We present numerical results on the effect of the top Au and PMMA thickness on the cavity performance. Here, the thickness of the bottom Au, bottom hBN, TLBP and top hBN were fixed at 100 nm, 120 nm, 1.59 nm, and 52 nm. The refractive indices of Au were adopted from Johnson and Christy, while n=2.17 was used for hBN with no dispersion. For PMMA, n=1.478 was used.

AC response of TLBP was modelled with a single exciton with the following parameters–

resonance wavelength = 1398.2 nm, oscillator strength = 2.5 meV, broadening/linewidth = 45.1 meV (as extracted from measurements discussed in Fig 2.). 𝛜_∞ = 12.5 and 10.2 were used for the

AC and ZZ direction, respectively. The ZZ direction permittivity was assumed to be constant, with no excitonic feature. No thickness dependence was assumed for the complex refractive index for any of the layers. Transfer matrix calculations were run with sweeps of the PMMA thickness and the top Au thickness. Fig. 4.5A shows the evolution of the cavity resonance. As the PMMA thickness is swept, the cavity resonance redshifts due to the overall increase in the optical length of the cavity. As the top Au thickness is increased, the resonance frequency blueshifts because of the change in the reflectivity of the top mirror (higher reflectivity for thicker top Au). Fig 4.5B shows the effect of the top Au and PMMA thickness on the reflection amplitude at the resonance along the AC direction. A trajectory is seen with low reflectivity highlighting the critical coupling condition. This is the physical set of parameters which correspond to the maximal energy transfer to the cavity. Finally, the maximum achieved phase shift difference between the AC and ZZ directions as a function of top Au and PMMA thickness is discussed in Fig. 4.5C. Strong phase difference is seen along the “critical coupling” trajectory. In this work, cavities were fabricated with target critical coupling to the AC direction because that is the electrically tunable polarization direction, while the ZZ remains passive, for all doping conditions.
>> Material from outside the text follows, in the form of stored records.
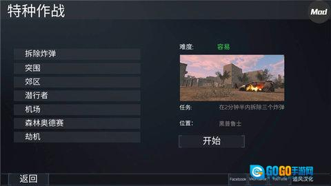 特种作战模式中,游戏难度自上而下逐级递增,初次体验的玩家建议选择游戏难度为“简单”的模式体验
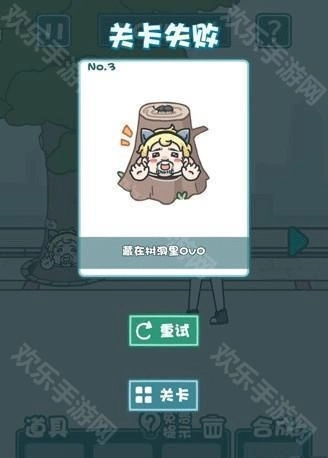 首先从最右侧的椅子上取到一串气球,回到左边点击树洞,即便出现任务失败的提示也无需担忧。随后点击大叔头顶的独角仙,把独角仙交给中间的小男孩来获取捕虫网。将捕虫网与气球一同交给主角后,会出现一个向上的箭头,点击该箭头后再点击捕虫网里的猫咪就能通关。
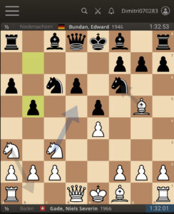 Direkt in der ersten Runde musste Niedersachsen mit einem starken Team aus Baden zu tun haben. Edward spielte mit schwarzen Figuren gegen Niels Severin Gade (1966 ELO). Auf e4 hat sich Edward für die Variante Sveshnikov entschieden. Auf seine Lieblingsverteidigung. Der Gegner wusste es und hat sich anscheinend auf diese Verteidigung gut vorbereitet zu sein.
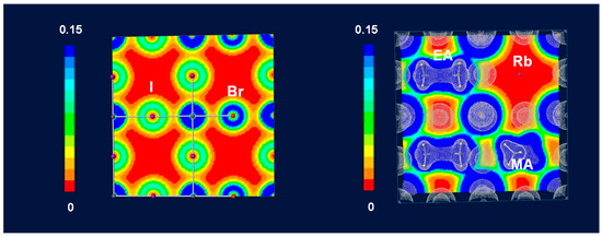 Figure 2 shows the electron density distribution of MA0.625EA0.25Rb0.125PbI2.25Br0.75, showing that the electron density is higher around Br compared with I. It can also be seen that the electrons are delocalized in MA and EA, and there are almost no electrons around Rb.
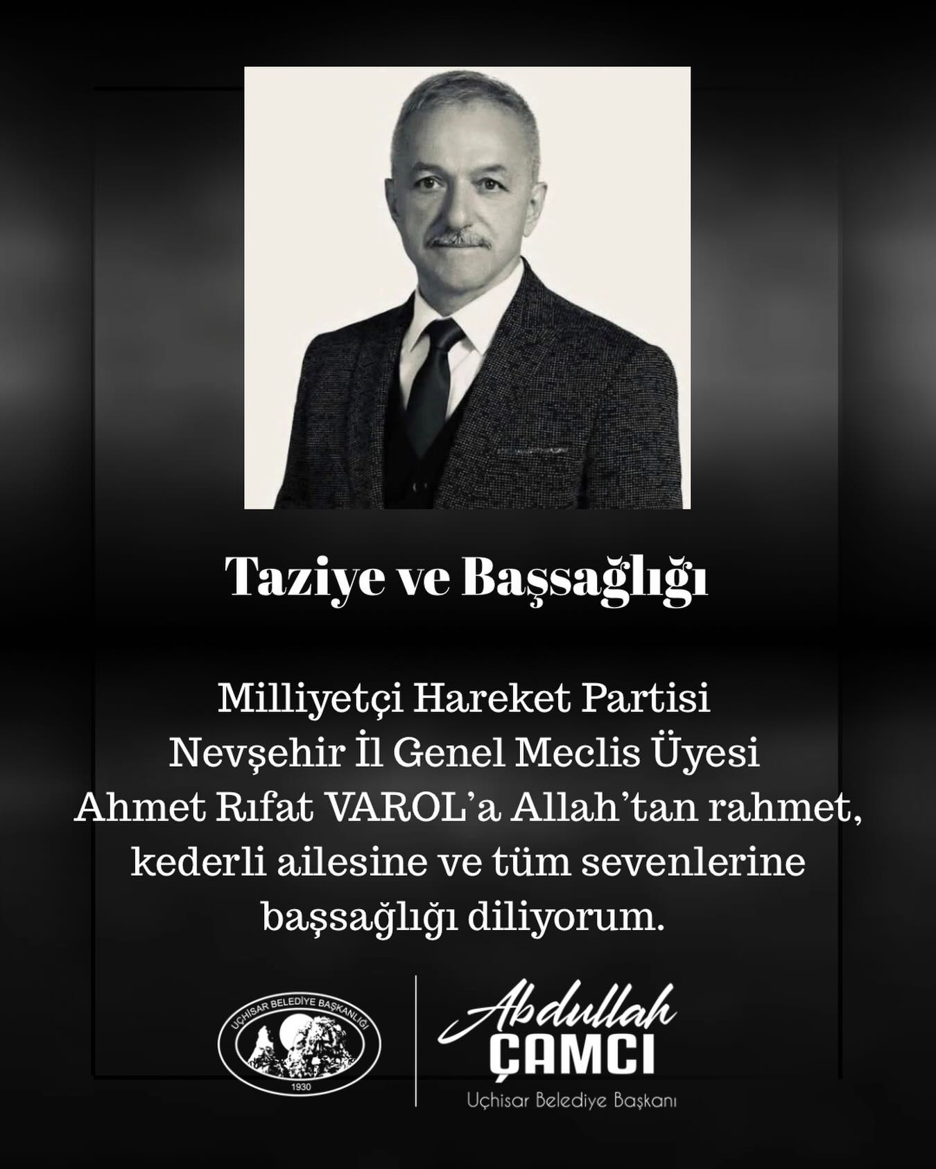 Uçhisar Belediye Başkanı Abdullah Çamcı ,sosyal medya hesapları üzerinden taziye mesajları yayınlayıp, Ahmet Rıfat Varol ‘un ailesi ve sevenlerine taziyelerini ilettiler.
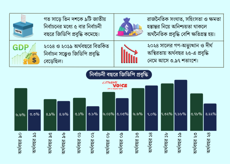 প্রায় ১৩ বছর পর পরিস্থিতি অনেক পরিবর্তিত হয়েছে। রাজনৈতিক ব্যবসায়িক চক্র কতটা প্রভাবিত করছে এবং এর অর্থনৈতিক প্রভাব কী, তা আরও গভীর গবেষণার দাবি রাখে। তবে একটি বিষয় স্পষ্ট, নির্বাচনী বছরে বা নির্বাচনের অর্থবছরে জিডিপি বৃদ্ধি সাধারণত কমে।
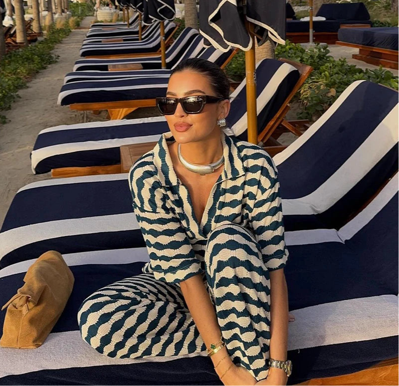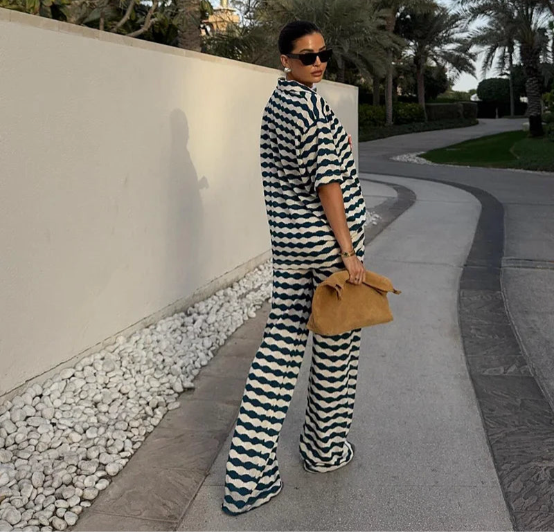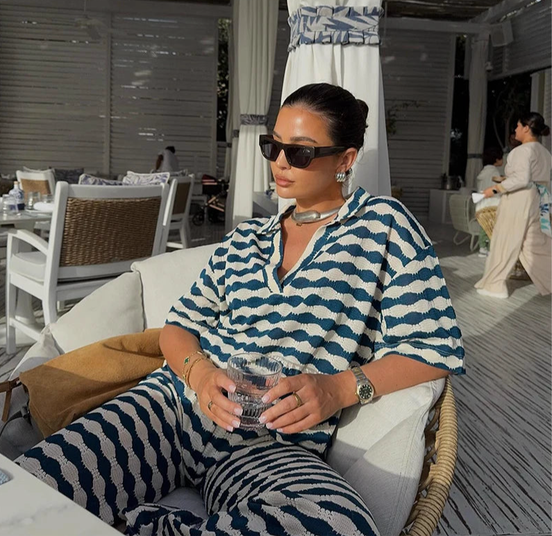 Wear this Fun Girl Stripe Two Piece Set for a relaxed yet stylish outfit. Crafted from a blue striped material. this two piece set features a short sleeve top and wide-leg design pants in a loose fit.
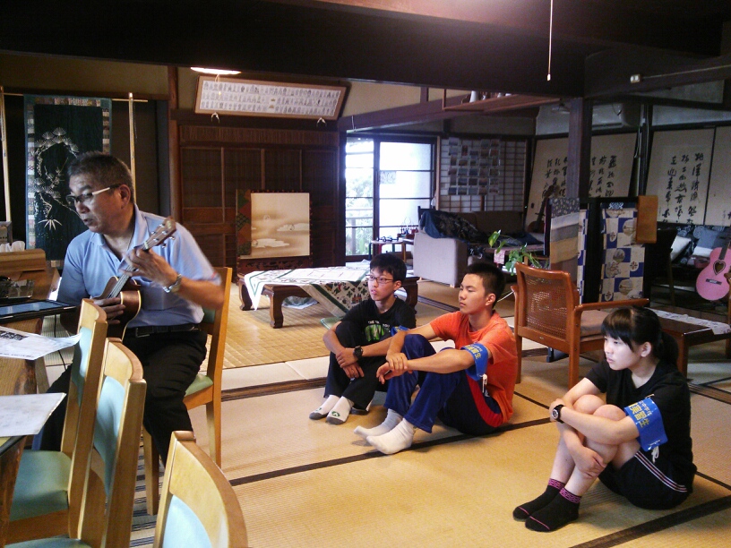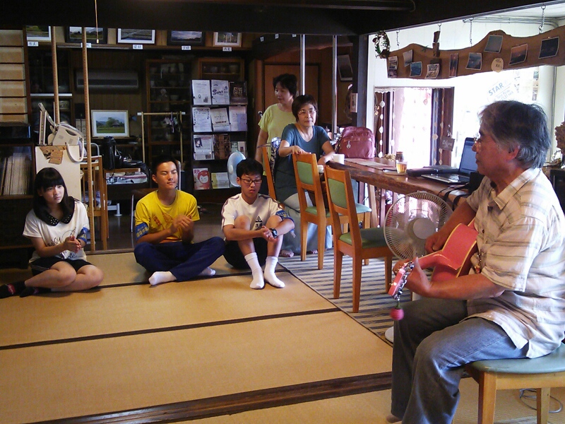 ウクレレの先生の登場で、無理をお願いしてウクレレを弾いてもらった。
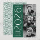 Elegante invitación de graduación con las tres fotos del graduado ubicadas a la derecha del diseño en un diseño vertical. El 2023 se exhibe con letras blancas y modernas, con un fondo verde. Personalice la moderna invitación de graduación fotográfica añadiendo el nombre del graduado y el nombre de la escuela. El diseño se invierte para mostrar un fondo geométrico verde y blanco. ¡Perfecto tanto para graduados de secundaria como universitarios!
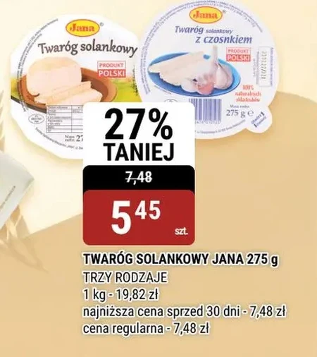 TWARÓG SOLANKOWY JANA 275 g TRZY RODZAJE 1 kg - 19,82 zł najniższa cena sprzed 30 dni - 7,48 zł cena regularna - 7,48 zł

Figure 4.5. Amplitude and phase shift dependence on cavity parameters. Effect of the top Au and PMMA thickness are studied on the cavity performance. (A) Resonance of the cavity (along the AC direction) showing redshifts with increasing PMMA thickness and blueshifts with increasing metal thickness. (B) Reflection amplitude of the cavity (along the AC direction) showing the

“critical coupling” trace as a function of top Au and PMMA thickness. (C) Maximum phase shift difference between the AC and ZZ direction plotted as a function of top Au and PMMA thickness.

Strong phase shift difference traces follow the reflection amplitude trace, highlighting the importance of critical coupling.

To experimentally demonstrate the broadband nature of the TLBP anisotropy, reflection intensities (S0) measured from five representative heterostructures are shown in Fig. 4.4E. The PMMA thickness was sequentially tuned to redshift the cavity resonance, spanning approximately 100 nm across the E, S, and C–telecommunication band. For each heterostructure device (D1 to D5), a

corresponding spectral trajectory on the normalized Poincaré sphere is shown in Fig. 4.4F-J, respectively. The blue (red) arrows mark the beginning (end) of the measured spectral trajectory, corresponding to 1410 (1520) nm for D1 to D4 and 1500 (1575) nm for D5. Efficient polarization conversion can be seen for all the devices, confirming the broadband nature of the anisotropy in TLBP coupled with the cavity mode. The differences in the trajectories arise from where the cavity resonance wavelength is with respect to the beginning and ending point of the spectral scans. In addition, the arc length subtended by the trajectories on the normalized Poincaré sphere is intimately related to how well the cavity critically couples to the incoming free-space electromagnetic field and is dominated strongly by the top mirror reflectivity.